* Data for this exercise *
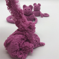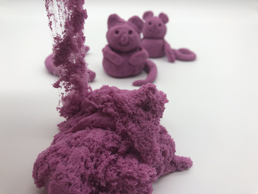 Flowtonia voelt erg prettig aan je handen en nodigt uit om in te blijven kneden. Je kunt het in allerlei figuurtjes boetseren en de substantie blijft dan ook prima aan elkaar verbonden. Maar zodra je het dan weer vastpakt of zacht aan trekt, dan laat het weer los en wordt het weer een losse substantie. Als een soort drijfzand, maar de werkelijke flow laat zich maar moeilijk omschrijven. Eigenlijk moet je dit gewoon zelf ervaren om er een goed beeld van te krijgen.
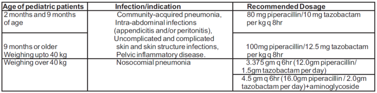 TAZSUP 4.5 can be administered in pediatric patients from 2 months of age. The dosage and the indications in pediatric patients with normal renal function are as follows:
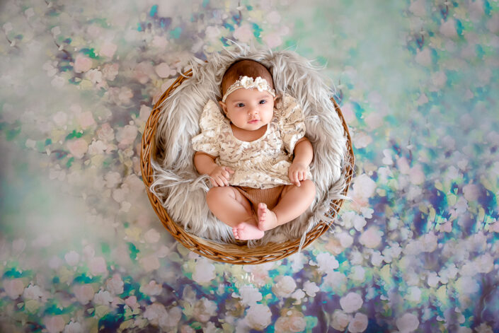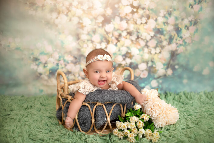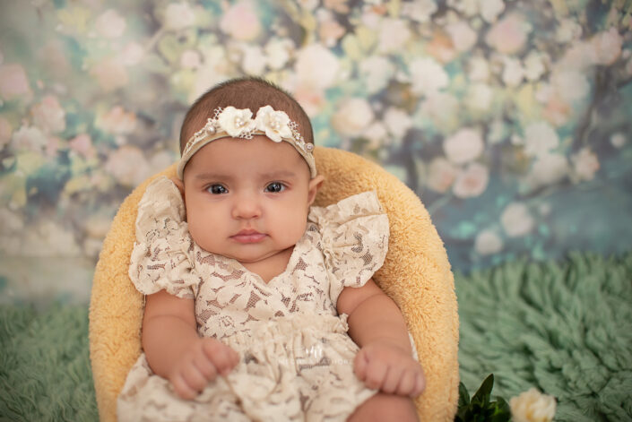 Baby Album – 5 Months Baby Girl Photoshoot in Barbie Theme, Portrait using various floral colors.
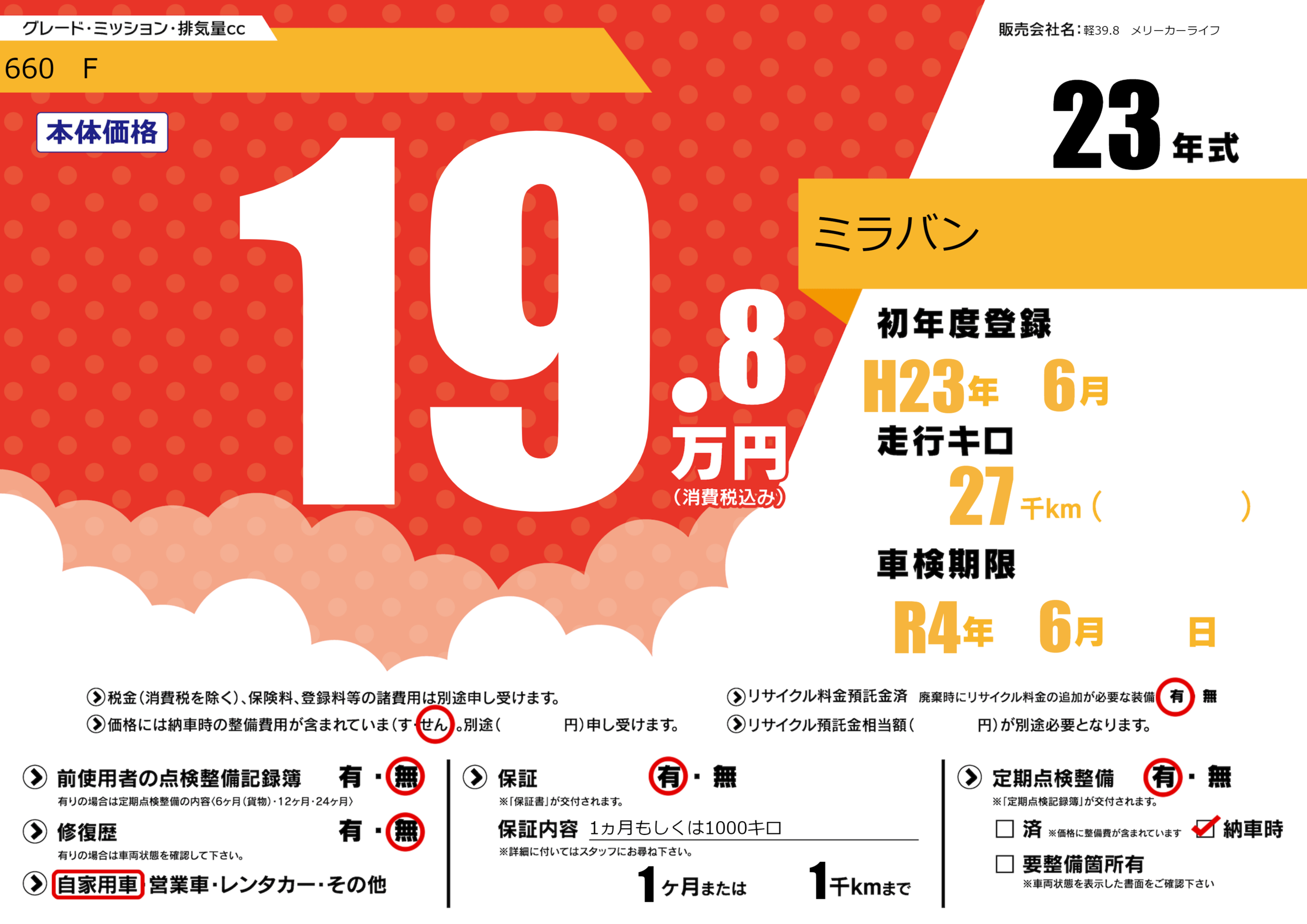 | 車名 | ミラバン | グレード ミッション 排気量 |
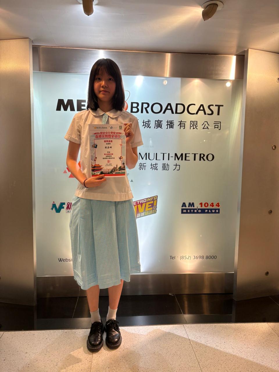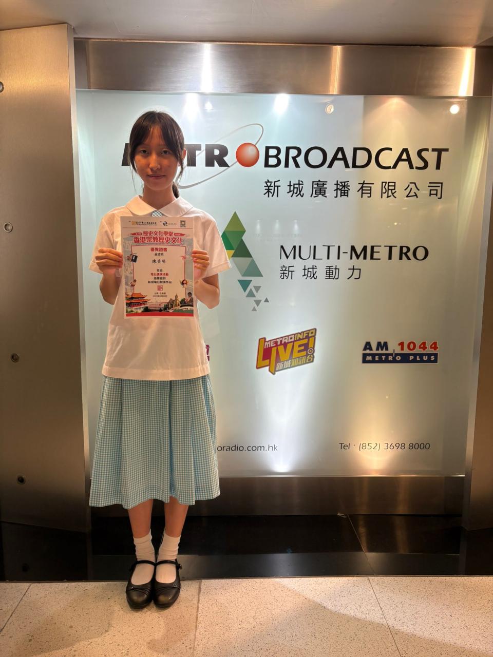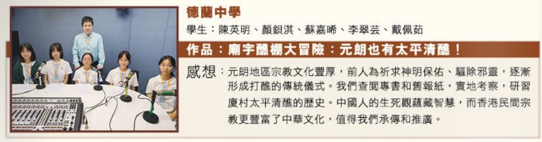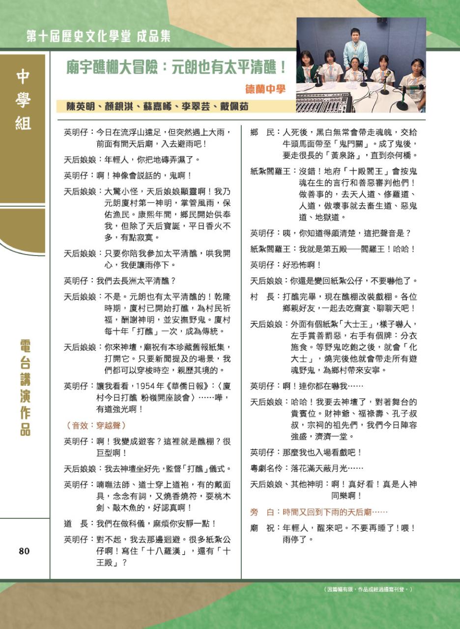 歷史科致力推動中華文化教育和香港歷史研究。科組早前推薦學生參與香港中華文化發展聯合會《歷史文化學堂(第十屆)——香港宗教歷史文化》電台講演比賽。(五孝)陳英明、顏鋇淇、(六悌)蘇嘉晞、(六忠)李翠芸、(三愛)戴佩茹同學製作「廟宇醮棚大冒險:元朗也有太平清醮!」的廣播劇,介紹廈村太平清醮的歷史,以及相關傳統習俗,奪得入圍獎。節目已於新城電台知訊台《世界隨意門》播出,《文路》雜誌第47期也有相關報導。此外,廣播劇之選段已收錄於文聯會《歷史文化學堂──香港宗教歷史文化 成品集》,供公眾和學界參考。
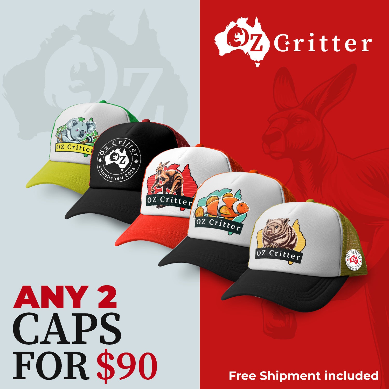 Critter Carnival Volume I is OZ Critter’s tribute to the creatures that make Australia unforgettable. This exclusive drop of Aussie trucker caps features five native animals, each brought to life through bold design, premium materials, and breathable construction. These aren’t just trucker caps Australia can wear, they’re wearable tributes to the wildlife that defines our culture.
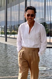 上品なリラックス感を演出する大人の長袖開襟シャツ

---

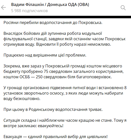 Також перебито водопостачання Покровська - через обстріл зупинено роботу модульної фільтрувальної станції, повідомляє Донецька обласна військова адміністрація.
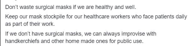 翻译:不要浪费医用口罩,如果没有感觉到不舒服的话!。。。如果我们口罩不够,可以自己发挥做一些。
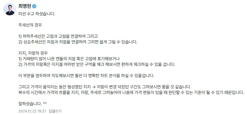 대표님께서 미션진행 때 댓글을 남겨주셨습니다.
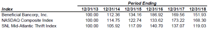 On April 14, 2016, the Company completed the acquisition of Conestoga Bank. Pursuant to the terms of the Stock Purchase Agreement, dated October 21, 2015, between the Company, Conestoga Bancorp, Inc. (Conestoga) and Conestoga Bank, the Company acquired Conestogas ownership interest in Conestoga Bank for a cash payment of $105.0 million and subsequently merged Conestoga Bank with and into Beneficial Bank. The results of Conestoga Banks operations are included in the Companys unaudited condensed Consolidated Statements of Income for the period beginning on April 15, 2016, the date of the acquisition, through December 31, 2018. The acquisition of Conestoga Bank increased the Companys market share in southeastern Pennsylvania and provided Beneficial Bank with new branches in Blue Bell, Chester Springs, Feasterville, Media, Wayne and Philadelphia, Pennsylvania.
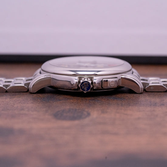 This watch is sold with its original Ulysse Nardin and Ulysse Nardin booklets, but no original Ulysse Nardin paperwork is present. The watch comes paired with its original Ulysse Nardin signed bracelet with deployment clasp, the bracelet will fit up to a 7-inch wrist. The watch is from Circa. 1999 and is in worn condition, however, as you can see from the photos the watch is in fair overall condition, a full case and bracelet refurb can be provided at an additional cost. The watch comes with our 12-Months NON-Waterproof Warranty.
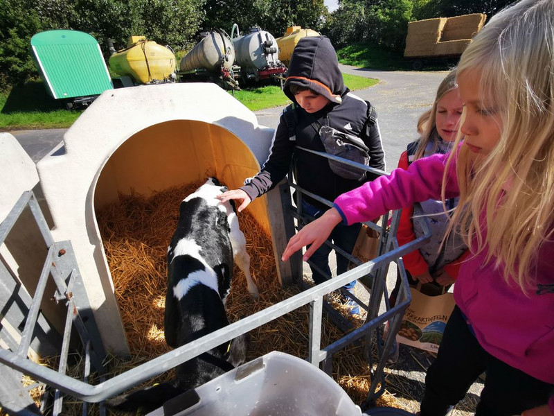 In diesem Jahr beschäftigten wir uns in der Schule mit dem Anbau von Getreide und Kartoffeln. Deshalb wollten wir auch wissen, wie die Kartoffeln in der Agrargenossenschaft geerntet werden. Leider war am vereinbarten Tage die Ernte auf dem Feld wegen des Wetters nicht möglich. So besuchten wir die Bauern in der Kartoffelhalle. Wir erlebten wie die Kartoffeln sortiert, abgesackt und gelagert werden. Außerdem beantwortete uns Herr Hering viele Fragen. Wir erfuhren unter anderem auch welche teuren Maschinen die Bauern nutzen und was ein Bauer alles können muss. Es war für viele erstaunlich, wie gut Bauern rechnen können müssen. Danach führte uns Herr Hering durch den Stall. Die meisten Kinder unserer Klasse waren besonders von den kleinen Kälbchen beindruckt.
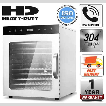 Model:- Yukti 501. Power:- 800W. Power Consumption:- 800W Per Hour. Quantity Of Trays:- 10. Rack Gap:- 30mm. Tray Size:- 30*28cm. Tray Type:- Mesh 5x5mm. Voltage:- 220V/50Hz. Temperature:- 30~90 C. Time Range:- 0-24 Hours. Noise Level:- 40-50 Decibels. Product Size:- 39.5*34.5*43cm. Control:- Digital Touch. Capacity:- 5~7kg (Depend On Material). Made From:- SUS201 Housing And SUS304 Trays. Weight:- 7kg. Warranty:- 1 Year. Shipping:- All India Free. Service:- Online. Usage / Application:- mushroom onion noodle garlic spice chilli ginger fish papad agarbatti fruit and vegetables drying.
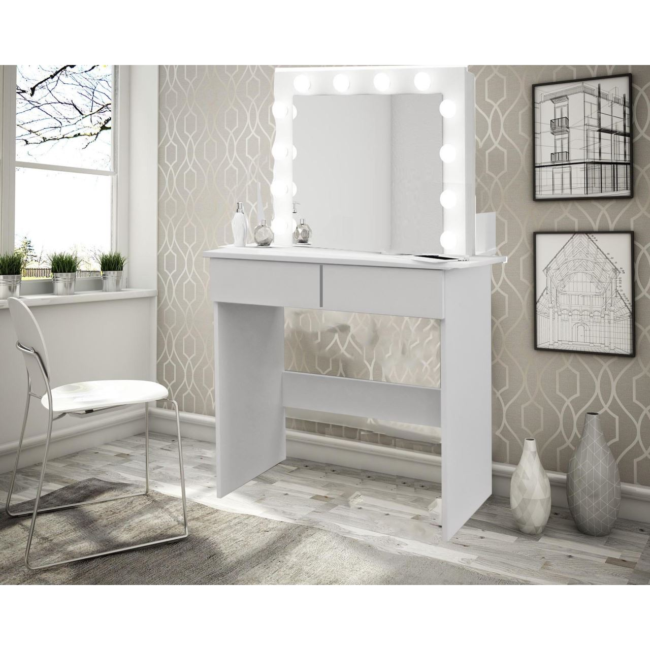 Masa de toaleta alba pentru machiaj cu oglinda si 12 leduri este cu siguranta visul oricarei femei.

* Assignment *
Starting at the line with "ミッション 排気量 |" and finishing at the line with "上品なリラックス感を演出する大人の長袖開襟シャツ", copy the material above exactly, both lines included. Nothing else goes in, and no pictures.

* Task answer *
 | 車名 | ミラバン | グレード ミッション 排気量 |
 歷史科致力推動中華文化教育和香港歷史研究。科組早前推薦學生參與香港中華文化發展聯合會《歷史文化學堂(第十屆)——香港宗教歷史文化》電台講演比賽。(五孝)陳英明、顏鋇淇、(六悌)蘇嘉晞、(六忠)李翠芸、(三愛)戴佩茹同學製作「廟宇醮棚大冒險:元朗也有太平清醮!」的廣播劇,介紹廈村太平清醮的歷史,以及相關傳統習俗,奪得入圍獎。節目已於新城電台知訊台《世界隨意門》播出,《文路》雜誌第47期也有相關報導。此外,廣播劇之選段已收錄於文聯會《歷史文化學堂──香港宗教歷史文化 成品集》,供公眾和學界參考。
 Critter Carnival Volume I is OZ Critter’s tribute to the creatures that make Australia unforgettable. This exclusive drop of Aussie trucker caps features five native animals, each brought to life through bold design, premium materials, and breathable construction. These aren’t just trucker caps Australia can wear, they’re wearable tributes to the wildlife that defines our culture.
 上品なリラックス感を演出する大人の長袖開襟シャツ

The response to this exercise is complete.